Die Berechnungen ergeben, dass durch die Tischlerei und den landwirtschaftlichen Betrieb bei den maßgeblichen Immissionsorten innerhalb des Plangebietes (IO 1 und IO 2) tagsüber Beurteilungspegel zwischen 45 dB(A) und 51 dB(A) verursacht werden. Damit werden tagsüber die Anforderungen der DIN 18005 und der TA Lärm sowohl für Allgemeine Wohngebiete (WA) als auch für Mischgebiete (MI) erfüllt (siehe Tabelle 1 der Anlage 3 [der Untersuchung]).

Nachts wirken im Plangebiet die Schallimmissionen durch den nächtlichen Betrieb der nahegelegenen Landwirtschaft ein. Pegelbestimmend sind hierbei der Betrieb der Melkmaschine und die potenziellen Schlepperfahrten im Bereich des Kuhstalles. Die Berechnungen ergeben, dass nachts im Plangebiet Beurteilungspegel bis zu 42 dB(A) auftreten können. Im überwiegenden Plangebiet werden die Anforderungen der DIN 18005 und der TA Lärm sowohl für Allgemeine Wohngebiete (WA) als auch für Mischgebiete (MI) erfüllt. In einem Teilbereich (IO 2) werden ausschließlich die Anforderungen an MI eingehalten (siehe Tabelle 2 der Anlage 3 [der Untersuchung]).

Die Anforderungen der TA Lärm an Maximalpegel werden sowohl tagsüber als auch nachts im gesamten Plangebiet sowohl für WA als auch MI erfüllt (siehe Tabellen 3 und 4 der Anlage 3 [der Untersuchung]).

Die Berechnungen ergeben zudem, dass die Anforderungen der Anforderungen der DIN 18005 und der TA Lärm bei den maßgeblichen Immissionsorten außerhalb des Plangebietes ebenfalls erfüllt werden (siehe Tabellen 1 bis 4 der Anlage 3 [der Untersuchung]).

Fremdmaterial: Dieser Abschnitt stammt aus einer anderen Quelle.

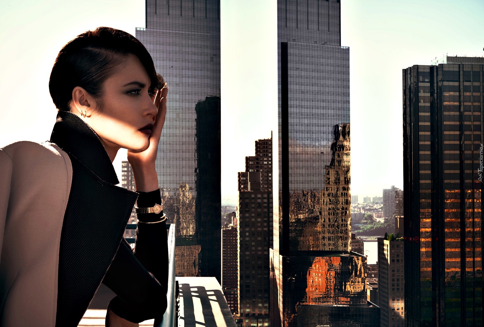 Edytor tapety: Olga Kurylenko, Modelka, Miasto, Wieżowce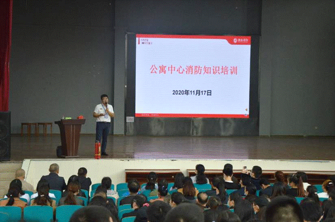 11月17号下午2点,公寓中心在云塘校区活动中心一楼报告厅和金盆岭校区四教多功能报告厅同时组织开展了“学生公寓消防宣传月”系列活动之——消防知识培训,参加人员除公寓中心全体员工外,还有全校300多名文明督导队学生。

Betriebsabläufe wurden kumulativ und die Schallleistungspegel und Einwirkzeiten an der oberen Grenze des Vertrauensbereiches angesetzt. Es kann daher davon ausgegangen werden, dass die ermittelten Beurteilungspegel bei bestimmungsgemäßem Betrieb eher an der oberen Grenze des Vertrauensbereiches liegen.

Darüber hinaus wirken im Plangebiet auch die Schallimmissionen durch die K 119 ein. Die Berechnungen ergeben, dass die Beurteilungspegel sowohl tagsüber als auch nachts die schalltechnischen Orientierungswerte der DIN 18005 im gesamten Plangebiet deutlich unterschreiten (siehe Tabellen 1 und 2 der Anlage 3 [der Untersuchung]).

Aus schalltechnischer Sicht sind damit im Plangebiet die Anforderungen an gesunde Wohnverhältnisse in den Ferienhäusern gewahrt.